Sekolah
Beranda » Berita » Revitalisasi Sekolah: 85% Bangunan SD di Indonesia Rusak, Kemendikdasmen Siapkan Solusi

Revitalisasi Sekolah: 85% Bangunan SD di Indonesia Rusak, Kemendikdasmen Siapkan Solusi

Revitalisasi Sekolah: 85% Bangunan SD di Indonesia Rusak, Kemendikdasmen Siapkan Solusi
Revitalisasi Sekolah: 85% Bangunan SD di Indonesia Rusak, Kemendikdasmen Siapkan Solusi

Media Pendidikan – 01 Mei 2026 | Jakarta, 1 Mei 2026 – Kementerian Pendidikan, Kebudayaan, Riset, dan Teknologi (Kemendikdasmen) mengungkap bahwa sekitar 85 persen bangunan sekolah dasar (SD) di seluruh Indonesia mengalami kerusakan. Dari total tersebut, diperkirakan sebanyak 120 ribu gedung SD berada dalam kondisi tak layak pakai.
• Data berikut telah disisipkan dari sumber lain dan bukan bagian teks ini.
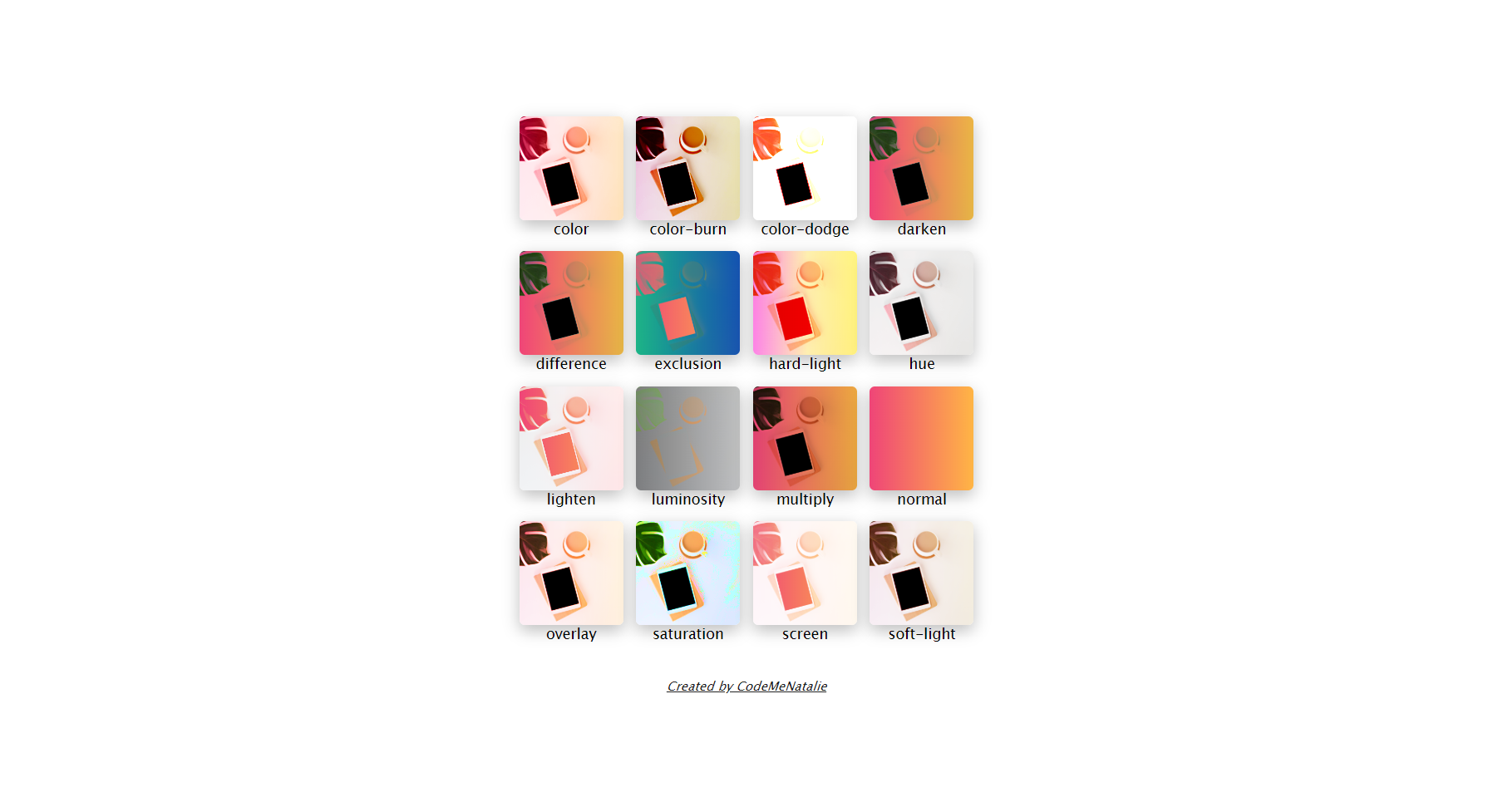 In my new blog post I described CSS background-blend-mode property with examples: background-blend-mode property

Data ini menjadi sinyal kuat bagi pemerintah untuk mempercepat program revitalisasi sekolah, sebuah inisiatif yang bertujuan memperbaiki infrastruktur pendidikan sehingga proses belajar mengajar dapat berlangsung dengan aman dan nyaman. Menteri Pendidikan, Nadiem Makarim, menegaskan, “Kami berkomitmen memperbaiki semua sekolah yang rusak demi menciptakan lingkungan belajar yang layak bagi setiap anak Indonesia.”

Baca juga:

Skala Kerusakan dan Tantangan yang Dihadapi

Angka 85 persen mencerminkan permasalahan struktural yang telah lama mengganggu kualitas fasilitas pendidikan. Jika dihitung secara kasar, total bangunan SD di Indonesia berkisar antara 140.000 hingga 150.000 unit, dengan lebih dari satu pertiga di antaranya berada dalam kondisi kritis. Kerusakan meliputi atap bocor, dinding retak, serta lantai yang tidak stabil, yang semuanya berpotensi membahayakan siswa dan guru.
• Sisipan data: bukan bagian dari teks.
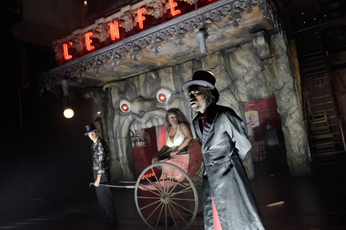 Na sceni je rotirajući objekat sa više ulaza. Još jedno kompleksno djelo scenografa Aleksandra Denića, Kastorfovog stalnog saradnika. S prednje strane, ispod crvenih neonskih slova: L'Enfer, nalazi se ulaz u bar u obliku velike demonske čeljusti, sa isplaženim kamenim jezikom. Sa druge strane su stepenice koje vode u metro stanicu Staljingrad. Naravno, metro stanica je u drugom dijelu zgrade pozorišta i glumci moraju pretrčati (van pogleda gledalaca, podrazumijeva se) tih nekoliko desetina metara da bi stigli na vrijeme da odigraju scenu koju kamere uživo prenose na video-bim. Sa te strane su i stepenice koje vode na krov ove građevine. Iznad njega vidi se splet strujnih kablova. Zgrada je nakićena domorodačkim maskama i plakatima koji reklamiraju kolonijalne proizvode. Tu je i nekoliko postera za horor filmove iz 40-ih i 50-ih, koji kao da upućuju na atmosferu straha od nepoznatog, od stranog, od stranaca. Iznad ekrana na koji se uživo projektuju scene iz unutrašnjosti zgrade, stoji natpis sa slovima u jugendstilu: Exposure Coloniale.

Kerusakan ini tidak hanya menghambat proses pembelajaran, tetapi juga menurunkan motivasi belajar siswa. Beberapa wilayah, terutama di daerah terpencil dan daerah rawan bencana, melaporkan tingkat kerusakan yang lebih tinggi dibandingkan dengan daerah perkotaan.

Untuk menanggapi situasi tersebut, Kemendikdasmen merencanakan serangkaian langkah strategis, antara lain:

  • Audit menyeluruh terhadap kondisi fisik setiap SD di seluruh negeri.
  • Penyusunan prioritas perbaikan berdasarkan tingkat kerusakan dan kebutuhan mendesak.
  • Kolaborasi dengan pemerintah daerah, lembaga swadaya masyarakat, dan sektor swasta untuk mengoptimalkan sumber daya.

Langkah-langkah ini diharapkan dapat mempercepat proses perbaikan, sekaligus memastikan transparansi dalam penggunaan anggaran.

Baca juga:

Selain itu, pemerintah menekankan pentingnya pendekatan berkelanjutan. Revitalisasi tidak sekadar memperbaiki kerusakan yang ada, melainkan juga memperkuat struktur bangunan agar tahan terhadap bencana alam dan perubahan iklim. Upaya ini sejalan dengan target pemerintah untuk meningkatkan kualitas pendidikan nasional dalam jangka panjang.

Data terbaru menunjukkan bahwa 120 ribu bangunan SD yang rusak tersebar di hampir seluruh provinsi, dengan konsentrasi tertinggi di wilayah Jawa Barat, Jawa Tengah, dan Sumatra Utara. Di beberapa kabupaten, kerusakan mencapai lebih dari 90 persen, menandakan perlunya intervensi segera.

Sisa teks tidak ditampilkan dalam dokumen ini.